### What to work on
Taking only the lines of the data below from the line with "The Brooke Striped" to the line with "10月19日,安徽淮北桃园矿", ends included, write them out exactly and without pictures.

### Material for this task
***

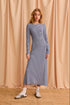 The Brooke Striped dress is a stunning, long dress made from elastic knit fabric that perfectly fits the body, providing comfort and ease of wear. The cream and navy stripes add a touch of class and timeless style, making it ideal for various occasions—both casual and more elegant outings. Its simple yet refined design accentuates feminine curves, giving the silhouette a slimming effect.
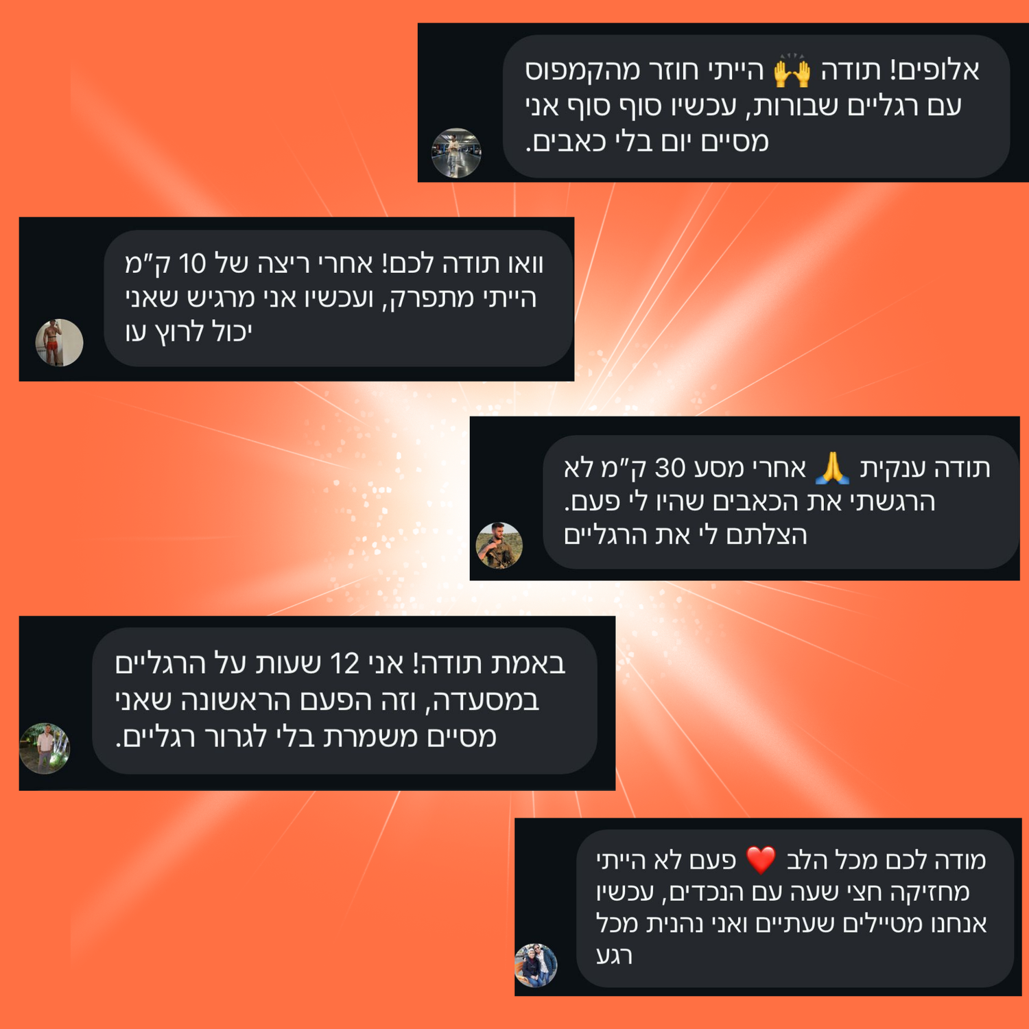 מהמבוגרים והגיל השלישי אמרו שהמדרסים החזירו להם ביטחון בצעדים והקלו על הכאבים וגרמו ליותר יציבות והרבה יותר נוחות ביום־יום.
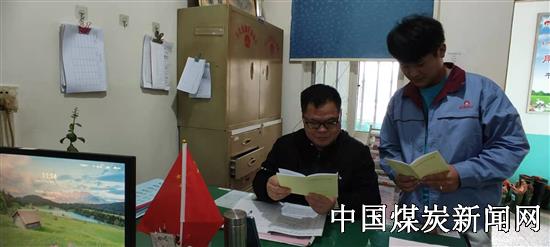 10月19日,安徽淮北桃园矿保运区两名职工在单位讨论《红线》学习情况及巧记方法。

***

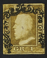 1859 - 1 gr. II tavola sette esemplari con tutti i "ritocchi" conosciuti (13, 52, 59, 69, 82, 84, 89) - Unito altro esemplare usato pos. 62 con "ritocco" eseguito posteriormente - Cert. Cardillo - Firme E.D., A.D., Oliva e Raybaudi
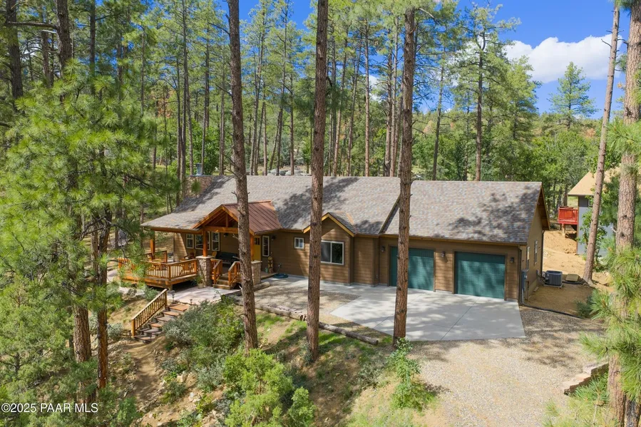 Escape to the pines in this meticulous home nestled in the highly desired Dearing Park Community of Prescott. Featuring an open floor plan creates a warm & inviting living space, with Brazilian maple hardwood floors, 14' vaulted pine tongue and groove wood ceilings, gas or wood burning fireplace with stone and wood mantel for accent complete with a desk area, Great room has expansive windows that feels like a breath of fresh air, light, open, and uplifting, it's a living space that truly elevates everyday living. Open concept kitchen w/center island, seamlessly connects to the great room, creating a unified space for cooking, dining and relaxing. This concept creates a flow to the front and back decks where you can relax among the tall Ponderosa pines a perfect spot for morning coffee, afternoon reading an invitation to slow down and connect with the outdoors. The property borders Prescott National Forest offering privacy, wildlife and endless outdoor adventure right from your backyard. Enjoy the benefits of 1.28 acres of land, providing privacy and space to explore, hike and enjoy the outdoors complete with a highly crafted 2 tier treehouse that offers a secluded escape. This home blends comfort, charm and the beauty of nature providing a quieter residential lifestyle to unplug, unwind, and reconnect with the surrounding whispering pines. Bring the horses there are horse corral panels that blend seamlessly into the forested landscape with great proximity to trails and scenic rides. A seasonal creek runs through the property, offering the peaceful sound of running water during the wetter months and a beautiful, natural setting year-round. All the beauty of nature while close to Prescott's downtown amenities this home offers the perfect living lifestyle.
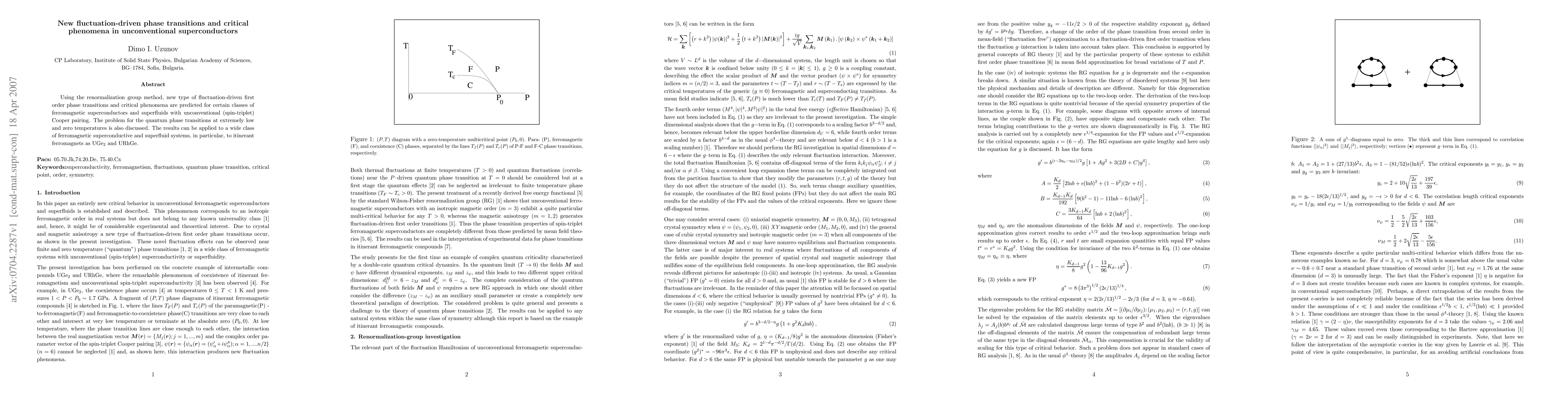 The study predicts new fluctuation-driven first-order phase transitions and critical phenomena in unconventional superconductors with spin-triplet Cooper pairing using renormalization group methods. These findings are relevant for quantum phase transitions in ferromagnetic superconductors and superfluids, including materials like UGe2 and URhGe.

***

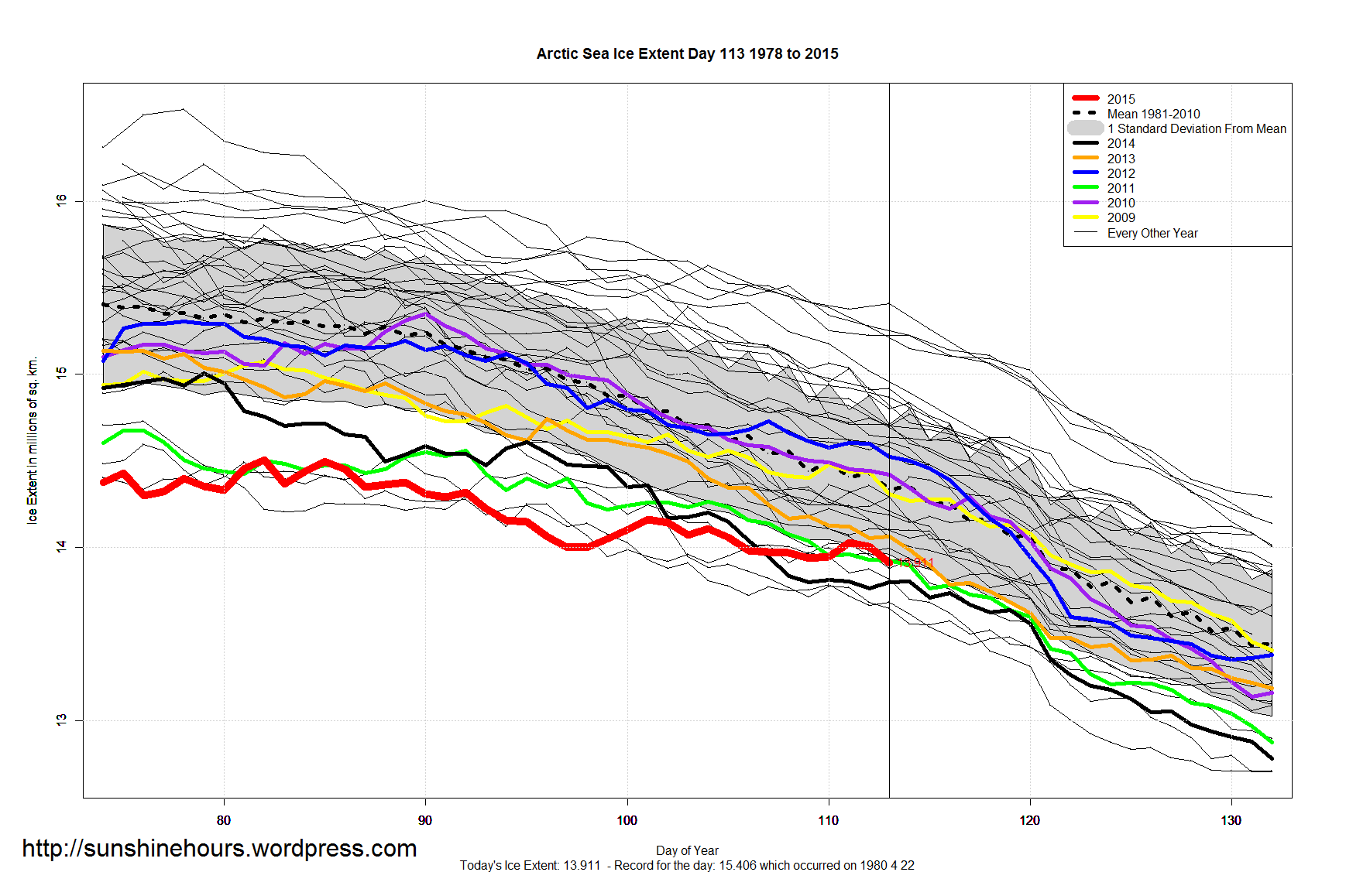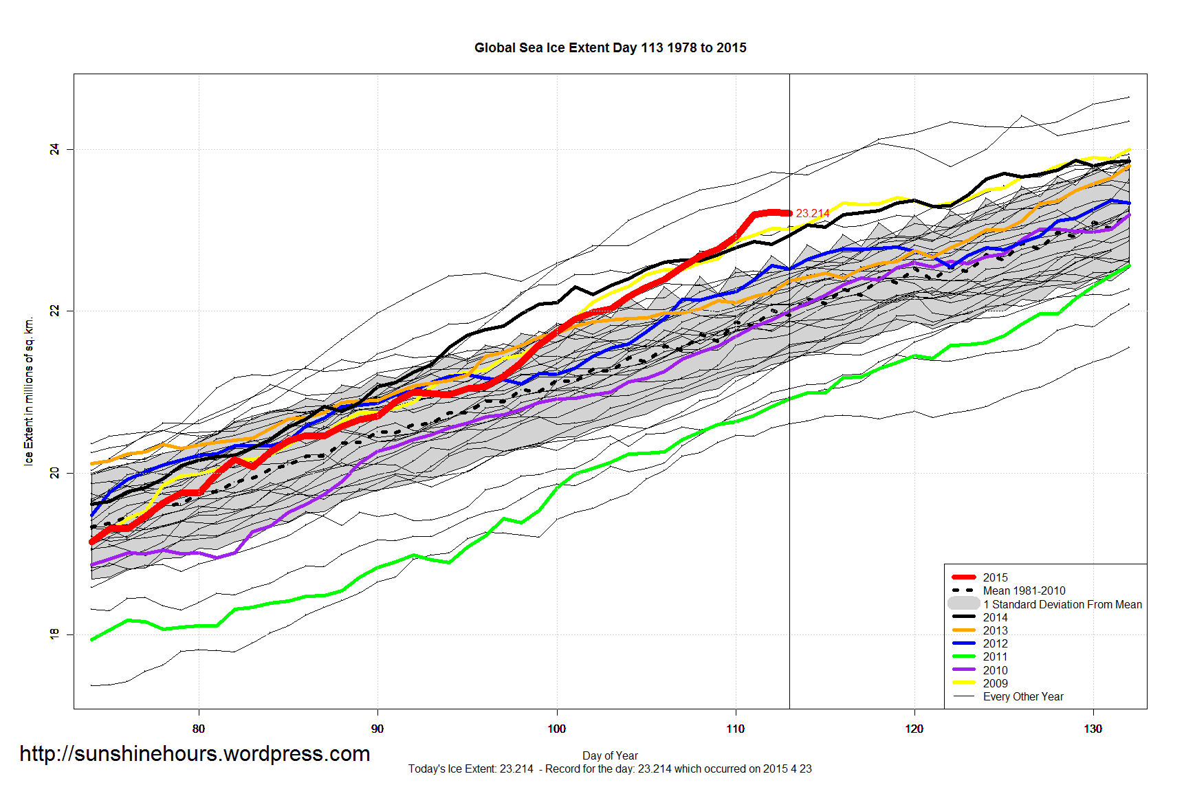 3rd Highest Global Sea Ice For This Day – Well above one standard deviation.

***

### Solution for this problem
 The Brooke Striped dress is a stunning, long dress made from elastic knit fabric that perfectly fits the body, providing comfort and ease of wear. The cream and navy stripes add a touch of class and timeless style, making it ideal for various occasions—both casual and more elegant outings. Its simple yet refined design accentuates feminine curves, giving the silhouette a slimming effect.
 מהמבוגרים והגיל השלישי אמרו שהמדרסים החזירו להם ביטחון בצעדים והקלו על הכאבים וגרמו ליותר יציבות והרבה יותר נוחות ביום־יום.
 10月19日,安徽淮北桃园矿保运区两名职工在单位讨论《红线》学习情况及巧记方法。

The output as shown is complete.